My State code follows the IRC; "*R905.2.8.3 Sidewall flashing.* Flashing against a vertical sidewall shall be by the step-flashing method. The flashing shall be a minimum of 4 inches (102 mm) high and 4 inches (102 mm) wide. At the end of the vertical sidewall the step flashing shall be turned out in a manner that directs water away from the wall and onto the roof and/or gutter." From; http://publicecodes.cyberregs.com/icod/irc/2009/icod_irc_2009_9_par033.htm

Yours may be different, though highly unlikely as most codes refer to the manufacturers directions for the warranty, and meeting product use; check with local AHJ. 

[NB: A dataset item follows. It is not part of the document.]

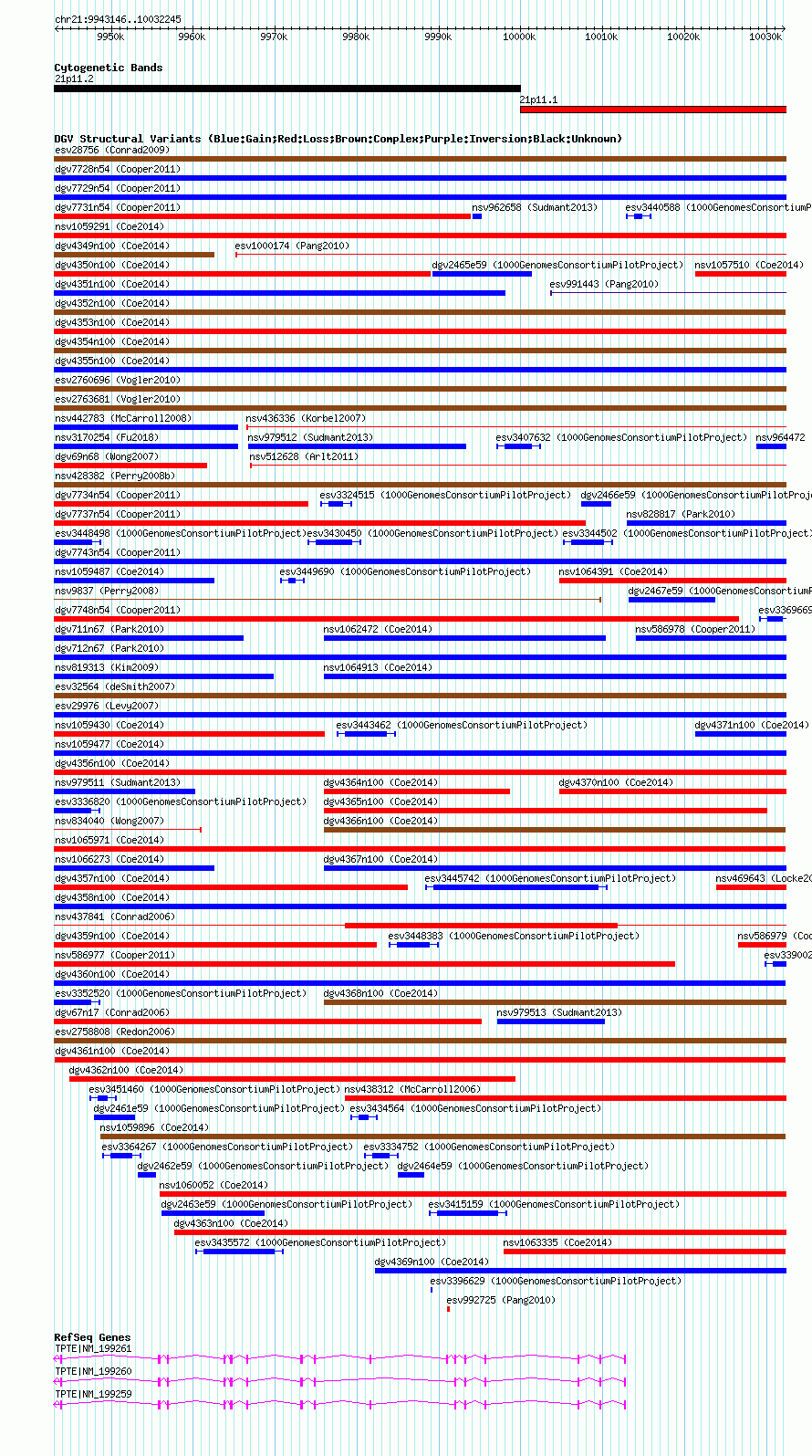 | | Variant Type | CNV loss | | Copy Number | | | Allele State | | | Allele Origin | | | Probe Count | | | Validation Flag | | | Merged Status | M | | Merged Variants | | | Supporting Variants | nsv1063986, nsv1057872, nsv1056354, nsv1061947, nsv1058791 | | Samples | | | Known Genes | TPTE | | Method | SNP array | | Analysis | Affymetrix SNP array copy number analysis | | Platform | Affymetrix SNP Array 6.0 | | Comments | | | Reference | Coe_et_al_2014 | | Pubmed ID | 25217958 | | Accession Number(s) | dgv4361n100

I have installed 5 or so different brands of asphalt and all required sidewall step flashing. From an Inspector's link; "If you see continuous, one-piece flashing like this used as sidewall flashing with shakes, shingles or slate, it’s a defective installation, no matter how often you see it." 
From; Mastering Roof Inspections: Flashing, Part 2 - InterNACHI http://www.nachi.org/flashing-part2-13.htm#ixzz2oo4UH94Z

The pictures there pretty much nailed it.

Gary

​


----------



## AndyWRS (Feb 1, 2012)

More than likely it's just a cover piece, the step flashing is hidden by it. A single pc of flashing is an indication of a potential problem, not a given that it was done incorrectly...it just requires a bit more investigating before it's called incorrect. 

The debris issue is valid though, I would be hesitant to do such a detail if the roof collects a lot of debris. But if the HO complained about the side wall look with step flashing, I would cover it up with a similar detail to Toms.


----------



## Tom Struble (Dec 29, 2008)

the small 3/4 '' return is a non issue as to debris or mold,actually much less of an issue had there been a trim board installed

when you elevate the siding on a rake wall the tins must be much larger,they weren't which required the counter,it's removable and much better looking than exposed tins


----------